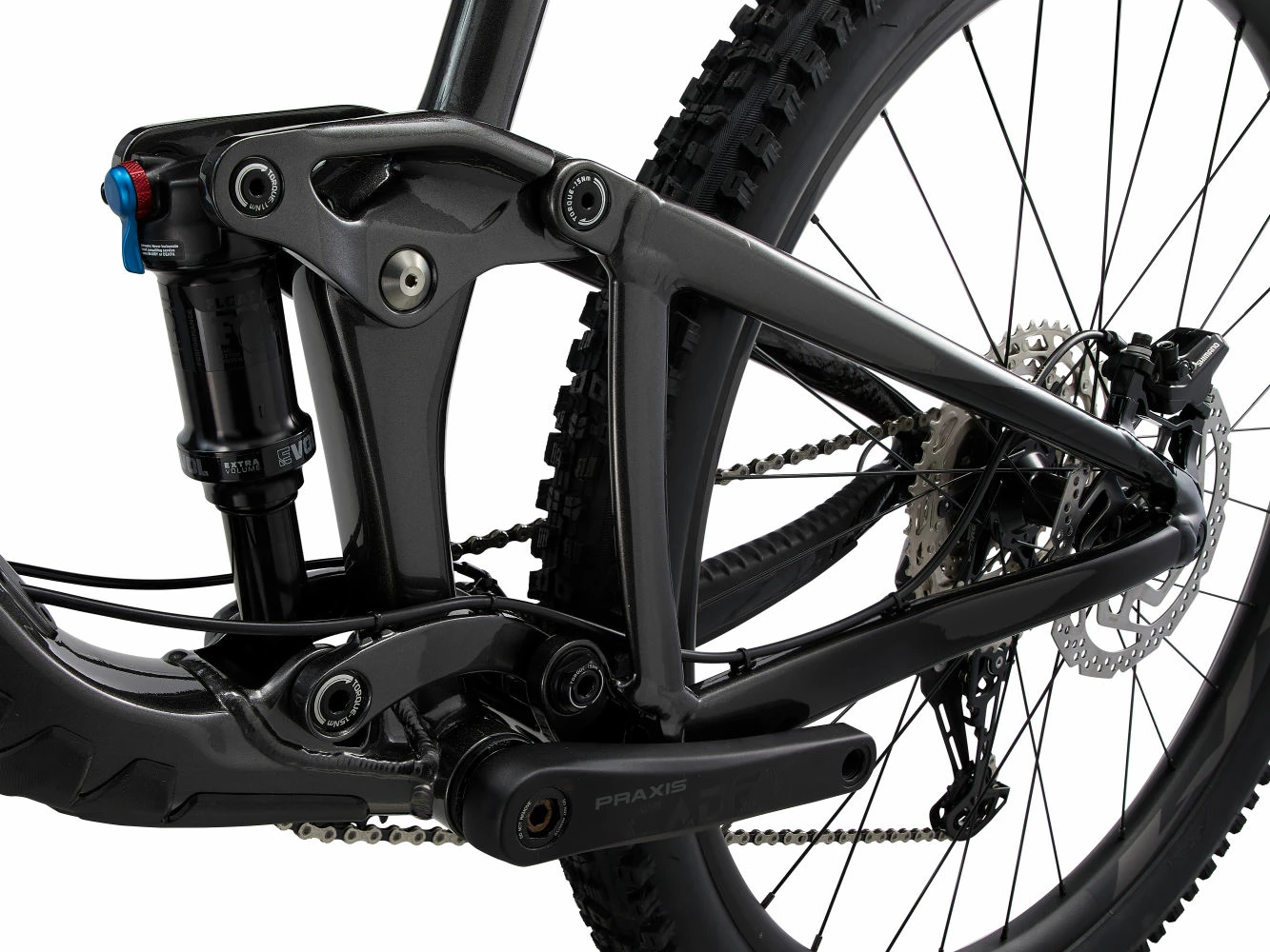 Le cadre en aluminium léger ALUXX SL dispose d’un reach rallongé pour plus de stabilité en terrain technique, et un tube de selle redressé pour renforcer l’efficacité au pédalage. La suspension arrière Maestro mise à jour offre un débattement des roues arrière de 120mm associé à une fourche de 130mm à l’avant.
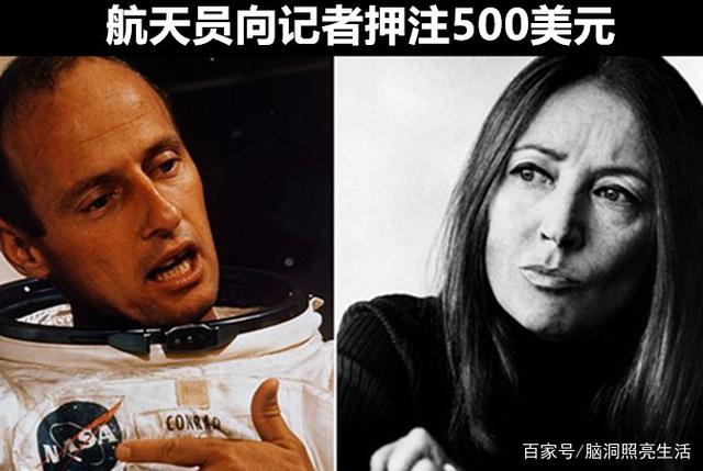 同时,意大利记者奥莉安娜·法拉奇还表示,阿姆斯特朗登陆月球之后说的“这对一个人来说只是一小步,人类的一大步”,这句话也是NASA编造的,对于这些质疑,阿波罗12号指挥官皮特·康拉德向意大利记者奥莉安娜·法拉奇押了500美元赌注,来证明登月的真实性,当他从走下登月舱的梯子时,说的第一句话是:“哎呀!伙计,这对尼尔来说很小,但对我来说却很长”,虽然皮特·康拉德赢得了这次赌约,可是奥莉安娜从未付给他500美元。
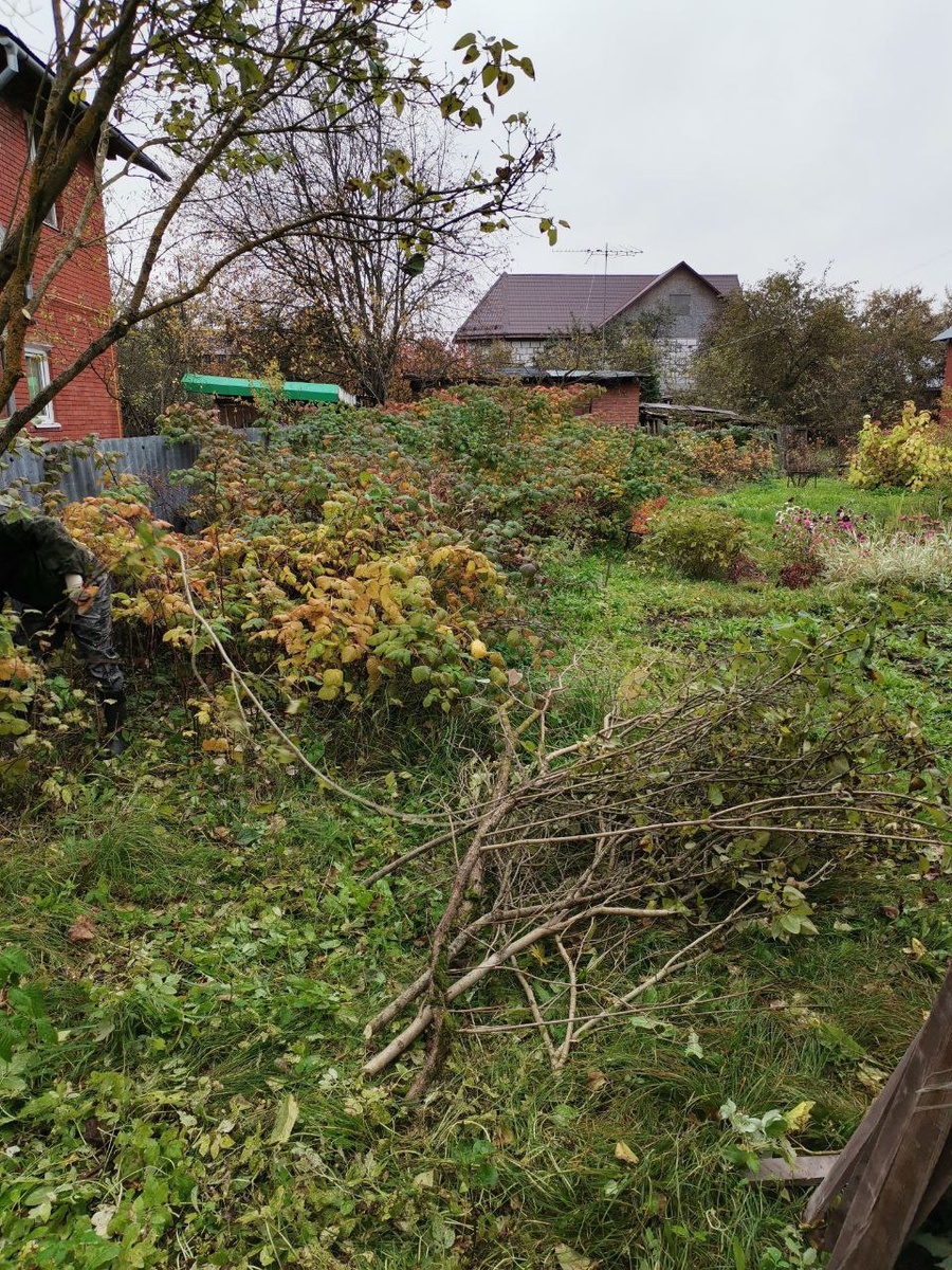 Работа дня. Обустройство малинника. Выкорчевка мелких и мало плодных сортов, пересадка, подвязка и подкормка. Вид до и после завершения работы.
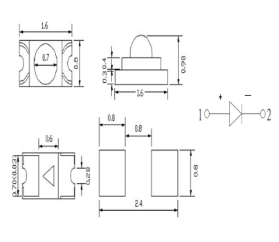 四、0603灯珠尺寸:(凸头单色系列尺寸图)0603灯珠_0603灯珠尺寸_0603贴片led参数,单色双色三色全彩规格书一起给你0603灯珠灯珠尺寸:(凸头单色系列尺寸图)

════

### What you have to do:
I'd like the material repeated word for word, without the pictures it holds.

### Expected answer:
 Le cadre en aluminium léger ALUXX SL dispose d’un reach rallongé pour plus de stabilité en terrain technique, et un tube de selle redressé pour renforcer l’efficacité au pédalage. La suspension arrière Maestro mise à jour offre un débattement des roues arrière de 120mm associé à une fourche de 130mm à l’avant.
 同时,意大利记者奥莉安娜·法拉奇还表示,阿姆斯特朗登陆月球之后说的“这对一个人来说只是一小步,人类的一大步”,这句话也是NASA编造的,对于这些质疑,阿波罗12号指挥官皮特·康拉德向意大利记者奥莉安娜·法拉奇押了500美元赌注,来证明登月的真实性,当他从走下登月舱的梯子时,说的第一句话是:“哎呀!伙计,这对尼尔来说很小,但对我来说却很长”,虽然皮特·康拉德赢得了这次赌约,可是奥莉安娜从未付给他500美元。
 Работа дня. Обустройство малинника. Выкорчевка мелких и мало плодных сортов, пересадка, подвязка и подкормка. Вид до и после завершения работы.
 四、0603灯珠尺寸:(凸头单色系列尺寸图)0603灯珠_0603灯珠尺寸_0603贴片led参数,单色双色三色全彩规格书一起给你0603灯珠灯珠尺寸:(凸头单色系列尺寸图)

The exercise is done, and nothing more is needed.